Promessa da campanha de 2018, a correção não foi implementada na gestão de Bolsonaro -apesar de ter sido enviada em junho de 2021 ao Congresso dentro do projeto de lei do governo que alterava essas e outras regras tributárias.
O texto enviado pelo governo passou pela Câmara, mas parou no Senado diante de resistências a pontos-chave do projeto -principalmente a cobrança sobre dividendos, que despertou reações do empresariado). Diante do entrave, o governo deixou a atualização de lado concluindo que, sozinha, ela reduziria a arrecadação sem as devidas contrapartidas.
Agora, Bolsonaro volta a prometer a correção para 2023. “Já está conversado com Paulo Guedes [ministro da Economia], vai ter atualização da tabela do IR para o próximo ano. Já está garantido já, não sei o porcentual.

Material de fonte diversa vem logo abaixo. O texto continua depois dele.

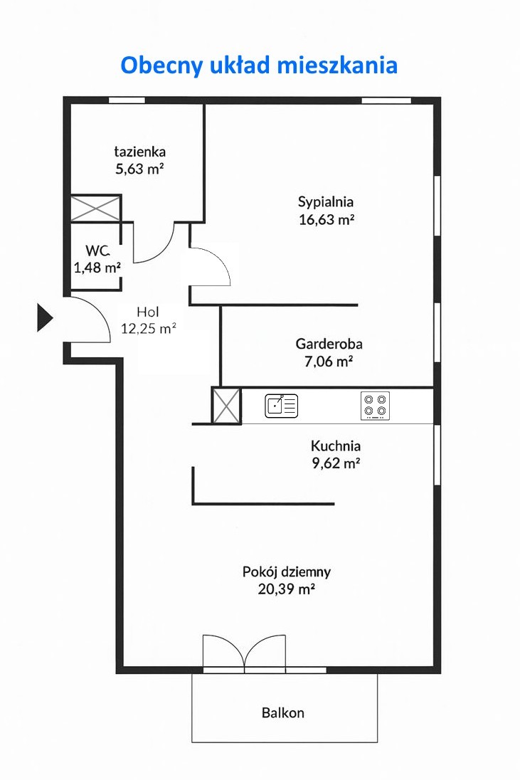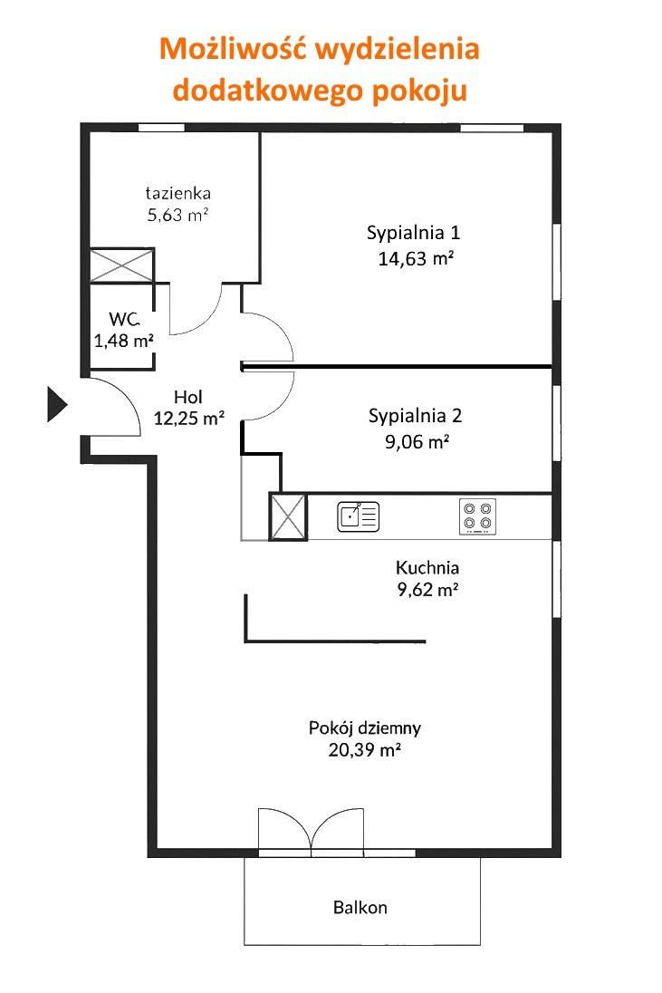 Mieszkanie można w prosty sposób przeplanować na 3-pokojowe, wydzielając dodatkową sypialnię gabinet lub pokój dziecięcy, zachowując funkcjonalność i wygodę przestrzeni.

Está virando redutor de renda, não uma tabela”, disse o presidente.
Nas discussões, é mencionado que a desoneração para as classes mais baixas precisa ser levada adiante com reduções de benefícios concedidos às classes mais altas.
Esse pressuposto é usado, inclusive, no debate sobre como deve ser bancado o aumento definitivo para R$ 600 do Auxílio Brasil a partir do ano que vem. O governo vê como crucial a taxação de dividendos, que tributaria os mais ricos e poderia ser fonte de recursos para os pagamentos mais altos.
A ideia já foi tentada no ano passado, quando o governo planejava usar R$ 20 bilhões da reforma do IR para bancar o lançamento do Auxílio Brasil.
Apesar de atender aos requisitos da Lei de Responsabilidade Fiscal (LRF), que exige contrapartidas para despesas permanentes, a taxação de dividendos não livraria o governo de outra dor de cabeça ao elevar de forma definitiva o Auxílio Brasil: o potencial descumprimento do teto de gastos (que impede o crescimento real das despesas federais).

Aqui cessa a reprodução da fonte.